Maybe asking whether the GSE’s affordable-housing goals triggered the financial crisis is the wrong question. Perhaps we should simply agree that they may have been a factor—along with an overall bubble mentality in the market. But it is worth asking why we continue to insist on affordable-housing goals for Fannie Mae and Freddie Mac. Those who defend them—such as the National Community Reinvestment Coalition—assert that, absent such regulation, African-American and Hispanic borrowers will find it hard to access credit markets. In a letter just last month to the GSEs’ regulator, the NCRC wrote, “We believe that stronger action is necessary on the affordable-housing goals and mortgages purchases affecting minority borrowers.”

Such advocates, however, should explain why the housing market—which today includes online lenders and interstate banks, as well as traditional community lenders—would turn away creditworthy borrowers of any background? Or why enforcement of fair-housing laws is insufficient protection against biased or predatory lending practices? They should also explain why we should overlook the obvious risk that, under pressure, lenders will care more about filling loan quotas than making sure borrowers are creditworthy. Nothing undermines the hard work of a homeowner—or the value of one’s property—more than a neighbor who defaults on his mortgage. African-American households were particularly hard-hit by the mortgage crisis. A 2011 study by the Center for Responsible Lending found that “African-American and Latino borrowers are almost twice as likely to have been impacted by the crisis. Approximately one quarter of all Latino and African-American borrowers have lost their home to foreclosure or are seriously delinquent, compared to just under 12 percent for white borrowers.” More specifically, the study found that 240,000 black households lost homes to foreclosure, as did 335,000 Latino households.

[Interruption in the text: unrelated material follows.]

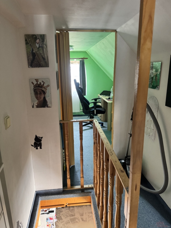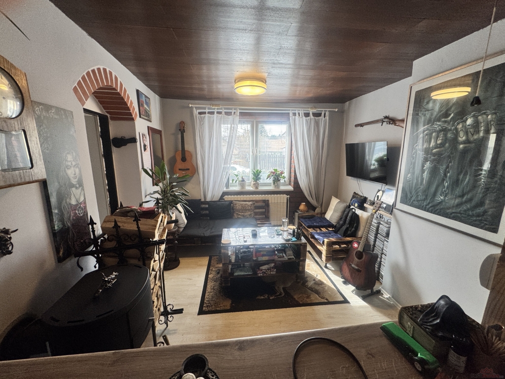 Do domu se vstupuje hlavní chodbou, ze které jsou přístupné jednotlivé místnosti. Na obytnou část navazuje vstup do dvora, kde je umístěn i vstup do menšího sklepa o výměře cca 8m? . Půda je přístupná po venkovním schodišti a nabízí další úložný prostor. Obytná část domu se skládá z obývacího pokoje s kuch. koutem o výměře 16 m?, pokoje 19 m?, ložnice 17m?, koupelny s WC 6 m? a chodby 5,5 m? WC 1,5m?, půdorys domu ve fotogalerii.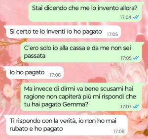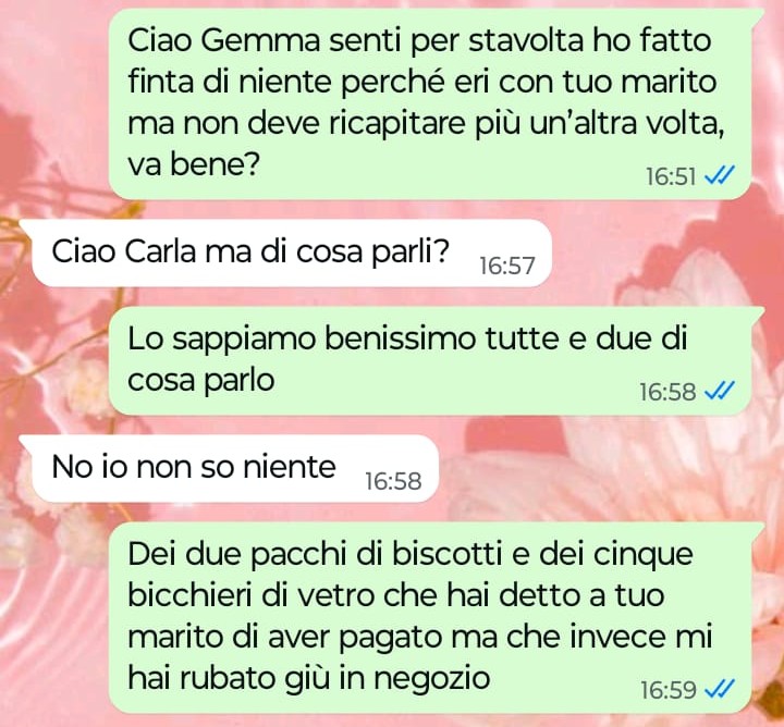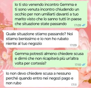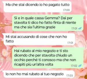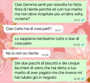 “Ciao Spunte Blu, sono proprietaria di un negozio di alimentari e prodotti per la casa in un piccolo paese in provincia di Roma di cui preferisco non fare il nome per una questione di discrezione. Io amo il mio lavoro e sono sempre stata una commerciante al servizio della mia clientela fatta di persone che stimo e con cui ho una certa confidenza visto che parliamo di un piccolo centro in cui ci conosciamo quasi tutti. Conoscendoci tutti bene, come in ogni paese tipico ognuno sa anche i fatti degli altri e le situazioni che attraversano certe famiglie sono molto spesso sotto gli occhi di tutti. Nel nostro paese purtroppo ci sono un paio di famiglie rovinate dai debiti per colpa dei mariti con il vizio del gioco e oggi in negozio mi è successa una cosa con la moglie di uno di questi mariti. Ora io ho fatto finta di niente ma ho avvertito questa donna che il fatto non deve ripetersi più visto che non è la prima volta che capita, ma leggete come ha risposto lei ai miei messaggi più che gentili e comprensivi della sua situazione personale. Questo è quello che si riceve ad essere buoni verso il prossimo, ma ora dico basta perché non ne posso più.”

The Center for Responsible Lending—and defenders of affordable-housing goals and community-reinvestment requirements generally—ascribe such losses to the fact that minorities were “more likely to receive high risk loan products” that were “aggressively marketed.” They overlook the possibility that quota-induced lending may have helped undermine housing values and discouraged repayment. If one’s home value is “underwater,” the incentive to repay diminishes. The same may be true if one’s neighbor’s mortgage is underwater, for that matter.

Traditional underwriting standards—including significant down payments and solid credit scores—don’t punish low-income and minority homebuyers. Rather, they protect their efforts both to accumulate and to protect wealth, key areas in which they trail white households. As I wrote myself in the Wall Street Journal in 2004—four years before the financial crisis:

The risk here, of course, is that the credit spigot will have to be opened to the marginally creditworthy, a threat both to the GSE’s finances and to low-income neighborhoods, should they be hit by delinquencies and foreclosures. Or, as the National Association of Realtors has put it, the proposed rules “may cause the GSEs to take actions that will distort mortgage markets, with negative results.”

I wish I had been wrong. I also wish The Big Short had told the whole story.